Sur le site Chiesa e postconcilio, commentaires à la "méditation" matinale du 15 décembre, celle que j'appellerais pour faire court "homélie de la peau de banane" (20/12/2014)

>>> Cf. Peau de banane

J'avais reproduit ici (cf. Peau de banane ) la synthèse de cette homélie assez stupéfiante dans sa formulation (les habituels "normalistes" diront une fois de plus que ceux qui ont été choqués n'ont pas compris le pape, ou qu'ils ont tiré ses propos hors de leur contexte ... pardon! personnellement, j'ai très bien compris), faite par radio Vatican, et je concluais "tout commentaire est superflu".
Je voulais dire "tout commentaire DE MA PART", laissant bien sûr au lecteur la tâche de se faire sa propre opinion.
Mais les explications, notamment sur le jeûne eucharistique et l'instrumentalisation de Pie XII, ne sont évidemment pas superflues.
La rédactrice du site <Chiesa e post concilio>, a tenté une synthèse des commentaires de ses propres lecteurs, que l'on peut classer parmi les catholiques exigeants, mais pas moins respectables (ni miséricordieux!) pour cela.
Traduction d'Anna.

     

LE PAPE ET LE JEÛNE EUCHARISTIQUE, LA DISCIPLINE ET LES PHARISIENS D'AUJOURD'HUI.
QUELQUES MISES AU POINT
chiesaepostconcilio.blogspot.fr

Une "matinale" tout particulièrement contondante, lancée de la Domus Sanctae Martae ces derniers jours, a suscité beaucoup d'émoi.
Le dilemme est entre l'usage de la raison illuminée par la foi vertueuse ou le flou d'un langage qui fascine et qui entraîne, sentimental et subjectiviste, centré sur l'homme et sur la "nouvelle conscience" de l'Eglise, fondée sur le personnalisme et non plus sur la Révélation. Un langage qui est par choix non définitoire car si l'on reste à la limite entre le dire et non dire on peut véhiculer des interprétations plutôt que d'autres.
Après la citation des propos du pape tirés de Zenit, les commentaires qui suivent sont une synthèse des interventions de mes lecteurs.

* * *

"Pie XII nous a libérés de la croix si lourde du jeûne eucharistique". "Quelques-un parmi vous se souviennent peut-être… on ne pouvait même pas boire une goutte d'eau.
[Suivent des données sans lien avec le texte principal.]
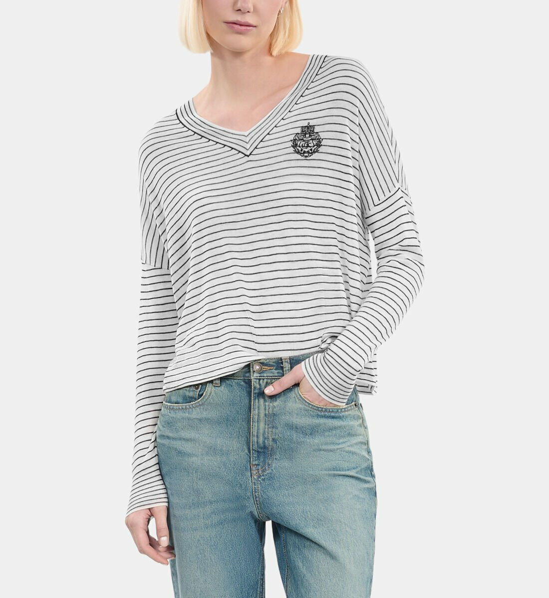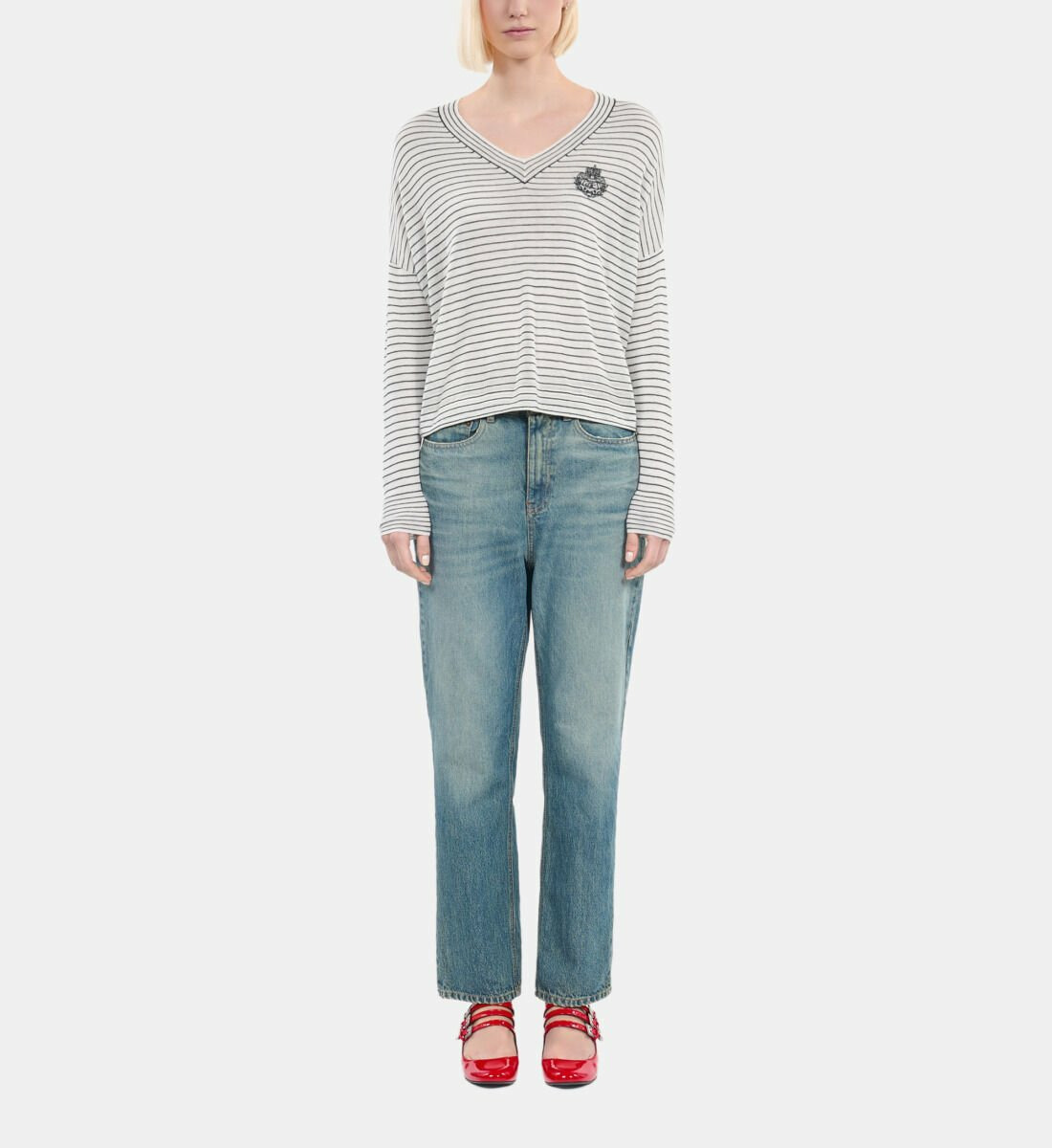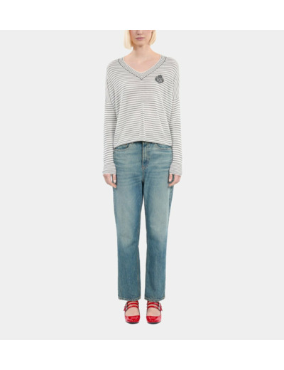 Conçu pour les femmes qui recherchent une allure décontractée sans compromis sur la qualité, ce pull The Kooples séduit par sa coupe large et son col en V flatteur. Les rayures bleues et blanches apportent une touche graphique tandis que le blason brodé souligne l’identité de la marque avec subtilité. Idéal pour composer des looks casual-chic, il s’adapte parfaitement aux journées fraîches grâce à sa matière noble.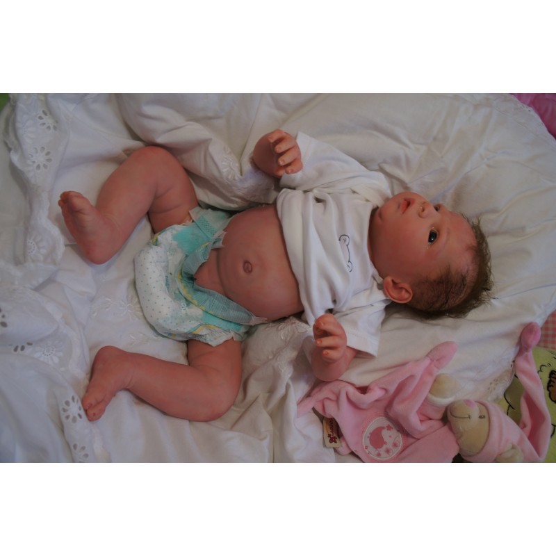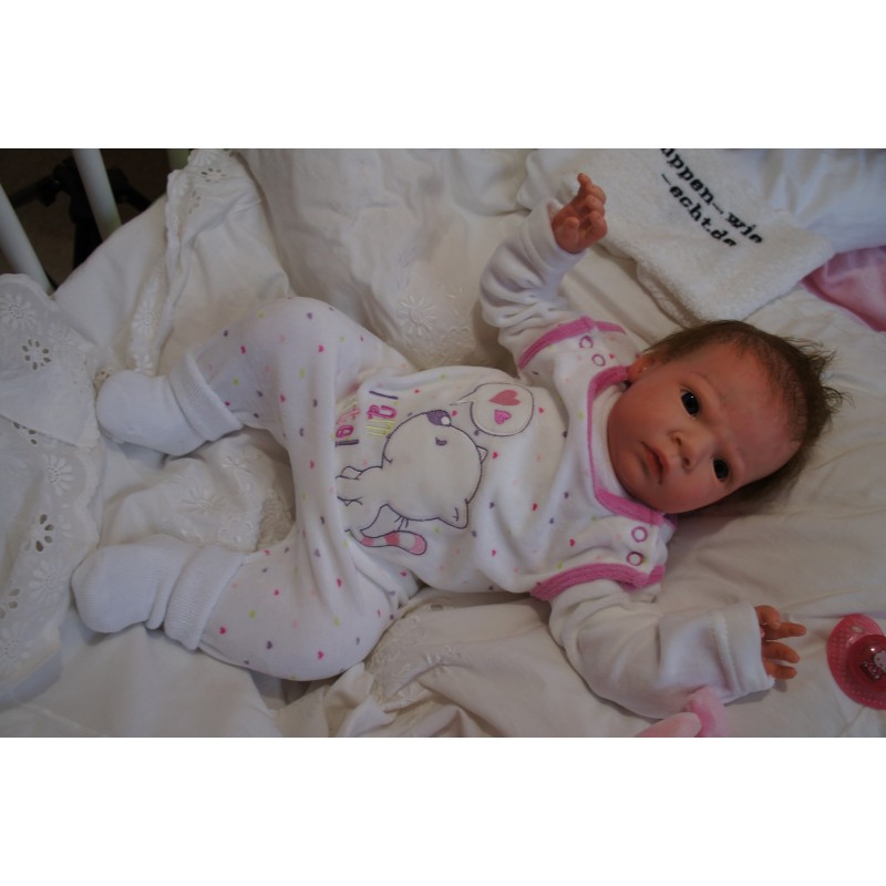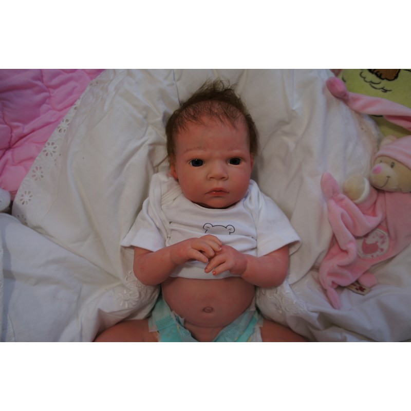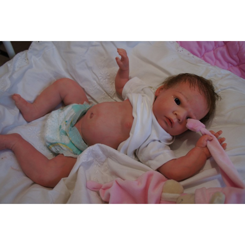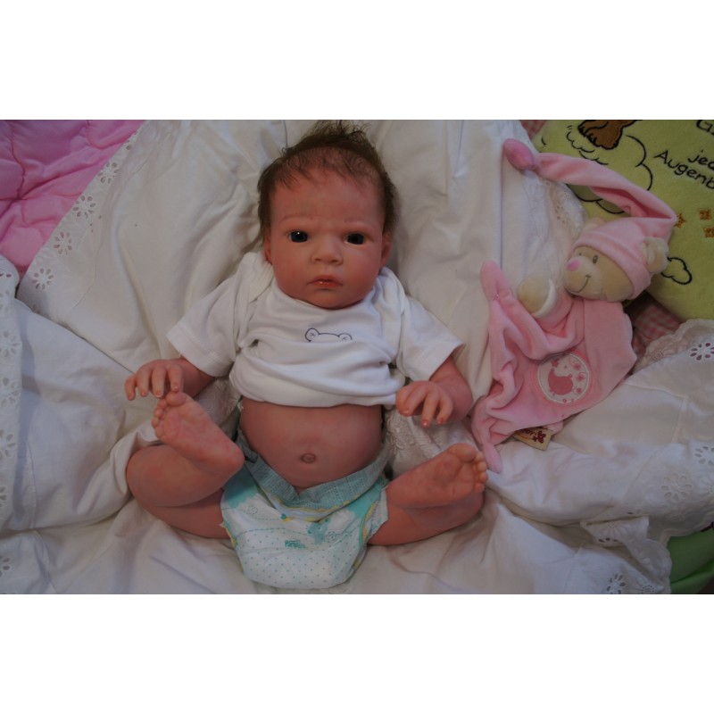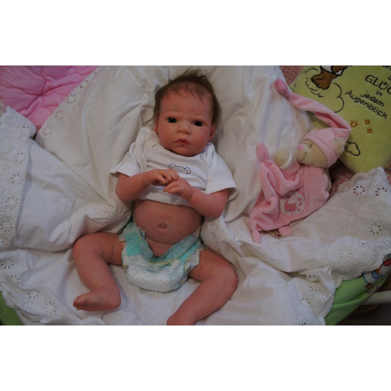Ich wurde mit hochwertigen Farben in Real Effekt Technik eingefärbt. Mit Genesis Farben habe ich dieses alles noch mal zum Schluss gut versiegelt und eingebrannt. Diese wurde in mehreren Schichten aufgetragen, sodass ein sehr realistisches Hautbild entstanden ist. (Wisch- und Wasserfest kein Abblättern mgl). Feinste Schattierungen und leichte Betonung der Speckfalten wurden bei mir auch nicht vergessen. Leichte Äderchen an Händen, Armen, Füßchen, Beinen, Ohren, Kopf und Gesicht lassen mich wie ein echtes Baby aussehen. Jedes Fältchen an mir wurde einzeln betont. Zarte Augenbrauen wurden mir auch gegeben. Meine Nase wurde geöffnet und hinterlegt, sodass ich jetzt auch gut Luft bekomme. Auch zarte Befeuchtung der Augen, Mund und Nase lassen mich noch echter wirken.

Même pas! Et pour se brosser les dents, il fallait s'assurer qu'on n'avait pas avalé d'eau. Mais moi même, enfant, je suis allé me confesser pour avoir communié, parce que je croyais qu'une goutte d'eau avait coulé à l'intérieur". Quand Pie XII a changé les règles, beaucoup se sont exclamés "Ah, hérésie! Non! Il a touché la discipline de l'Église!" - beaucoup de pharisiens ont été scandalisés. Beaucoup." rappelle Bergoglio, parce que Pie XII "avait fait comme Jésus: il a vu le besoin des gens…" …Toutefois beaucoup disaient encore "la discipline de l'Eglise", "notre discipline". Une attitude vraiment de docteurs de la loi, souligne le Saint Père, "rigides dans la peau, mais, comme le dit Jésus, 'pourris dans le coeur', faibles, faibles jusqu'à la pourriture. Ténèbreux dans leur coeur". Il faut faire attention, alors, car "aussi notre vie peut devenir comme ça".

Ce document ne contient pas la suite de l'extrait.